Alive N Kickin’ (known originally as Alive and Kicking) is an American pop group formed in Brooklyn, New York. Led by singers Pepe Cardona and Sandy Toder, they are best known for their 1970 hit "Tighter, Tighter", which peaked number seven on the US Billboard Hot 100 chart.

The groups initial run lasted from 1968 to 1971, during which they were unable to find any other success outside of "Tighter, Tighter" making them one-hit wonder. In 1976, most of the original line-up reformed where they continued to perform with a changing line-up over the years.

Formation
The six original members formed the band when they were teenagers in 1968 in guitarist Dave Shearer's basement. The group included Sandy Toder and Pepe Cardona (vocals), Bruce Sudano (keyboards),  Woody Wilson (bass), Dave Shearer (guitar), and Jeff Miller (keyboards). They gained some popularity when they began recording for Tommy James on the label he was signed to, Roulette Records.

"Tighter, Tighter"
In early 1970, the band began recording sessions.

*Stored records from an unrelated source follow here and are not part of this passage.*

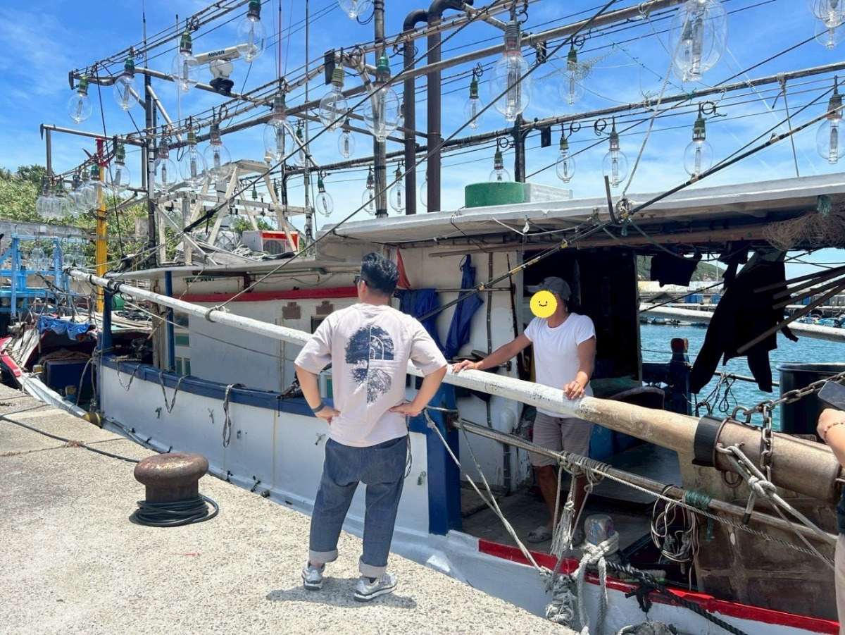 當我們抵達東澳漁港,唯一一艘有人的漁船上,有位漁工正在與遠在另一端的家人視訊話家常,隻身來到異國他鄉打拼的漁工,與家人、朋友的聯繫成了他們休息時間重要的時刻。漁船靠岸的時間除了會在漁船上,許多漁工也會在漁港邊的空地聚集,幾個沙發、一張桌子、一個棚子,就成為他們休閒放鬆的空間,以及臨時的祈禱室。
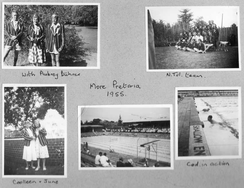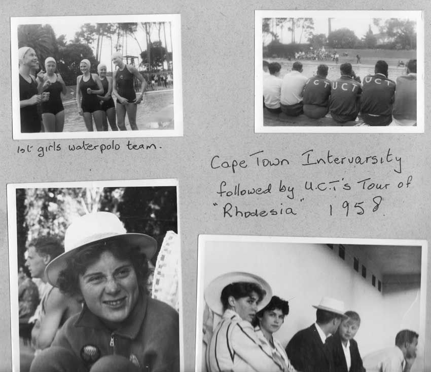 Intervarsity in 1957 in Bloemfontein and 1958 in Cape Town in Cape Town and won the backstroke and was in the SA Universities Team ( don’t think we swam against anyone !!), and was part of the UCT Team to tour Rhodesia at the end of ‘58 (So was Jeanette Myburg, Sue Roberts and Sylvia Wetton)
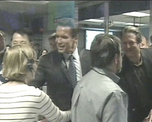 據(jù)美國有線新聞網(wǎng)消息,美國加州州長施瓦辛格(右三)在“機(jī)遇”號(hào)火星探測(cè)器成功登陸火星后,親臨指揮室向現(xiàn)場(chǎng)人員表示祝賀。(電視截圖)
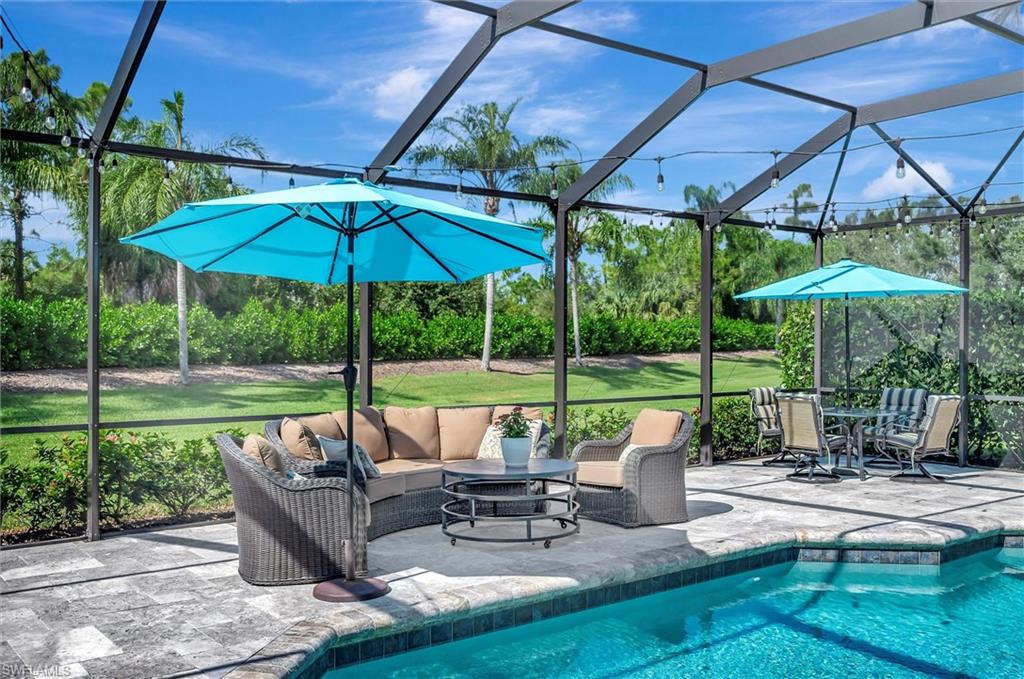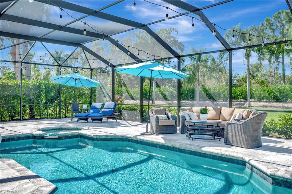 Turnkey Perfection meets Resort Luxury in Mustang Island in Lely Resort. Thisstunning 3BR+Den, 3.5BA Tilbury floor plan is move-in ready. The interior boasts amodern transformation with updated stainless appliances, quartz countertops, andupdated bathrooms. Enjoy peace of mind with an HVAC approx. 4 years old and anextended garage with an owneru2019s closet. The outdoor oasis features a massive lanaibuild-out with a renovated cage and elegant travertine paving. Relax in the saltwaterpool/spa featuring an Aqua link remote and Western exposure for iconic Florida sunsets.The spacious master suite offers a sitting area, oversized closets, and a soaking tub.As a resident, you unlock the doors to the famed, `Eight-time Club of the Year` PlayersClub & Spa. Imagine your weekends spent by the cascading 22-foot waterfall pool,enjoying drinks at the tiki hut, or challenging friends on the premier tennis and pickleballcourts. With gourmet restaurants, a state- of-the-art fitness center, a full spa, and threechampionship golf courses all at your fingertips. This home perfectly blends luxuryupgrades with a world-class resort lifestyle. Start living your best life today. Live,Laugh, and Love the Lely Lifestyle!
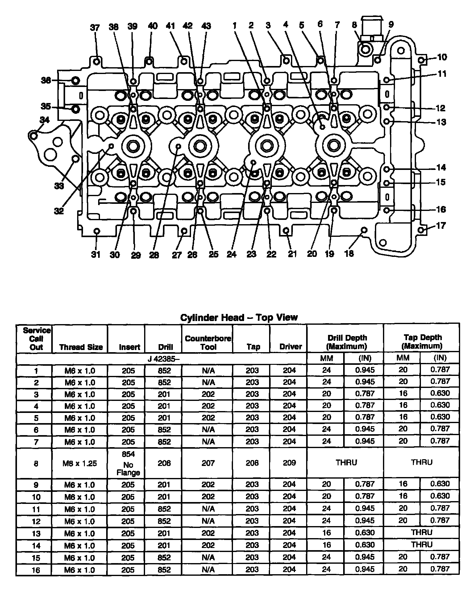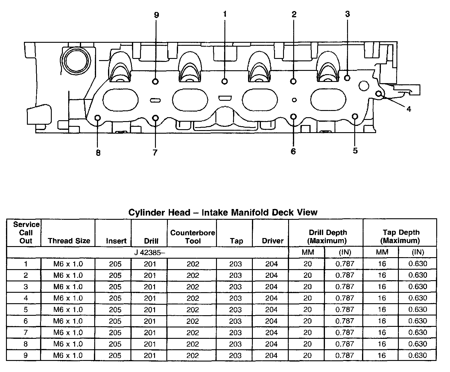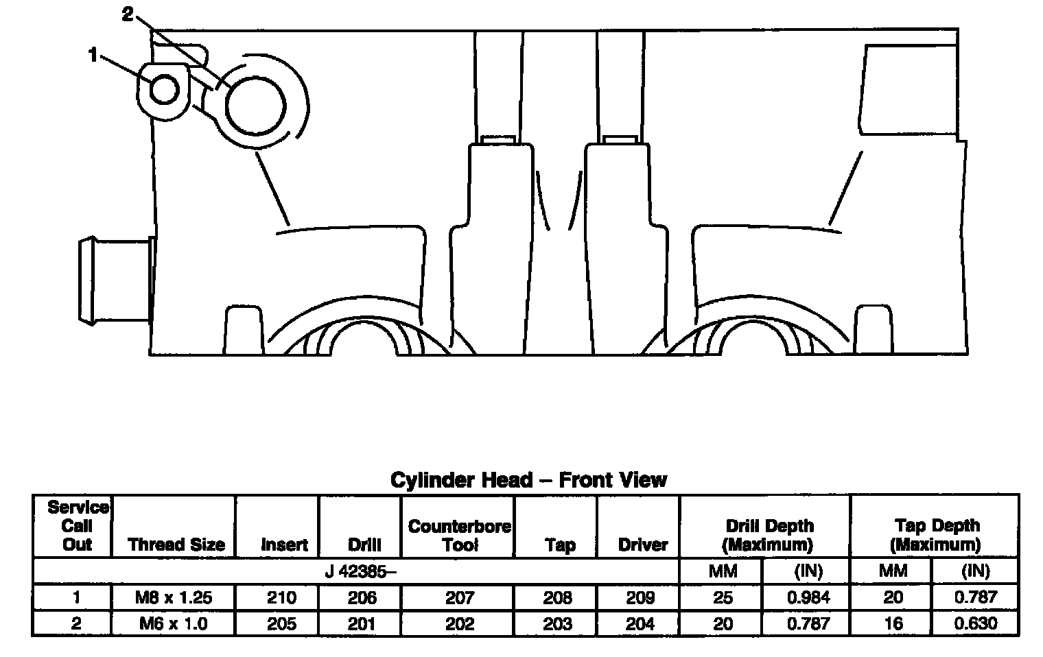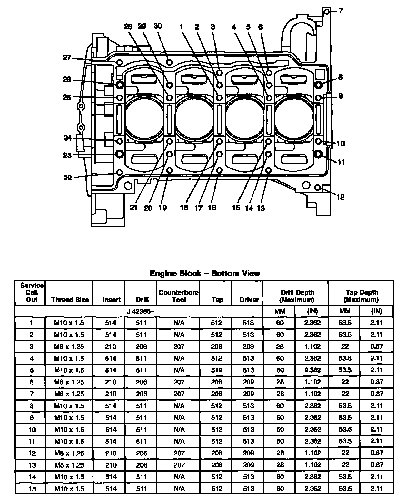 Thread Repair SpecificationsEngine Block - Front View

A song written and produced by Tommy James, Bob King and arranged by Jimmy Wisner was to be recorded, and although James originally considered having his friends do this song—now known as "Crystal Blue Persuasion"—he liked it so much he decided to keep it for himself. As a gesture of friendship to the group, he wrote "Tighter, Tighter" for them. After recording the hit song the group replaced Vito Albano (drums, percussion) and Dave with Ronny Pell and Johnny Parisio. With the new line-up, "Tighter, Tighter" was released.

The song was released in May 1970 and stayed on the US chart for 16 weeks.  It sold over one million copies and received a gold disc awarded by the R.I.A.A.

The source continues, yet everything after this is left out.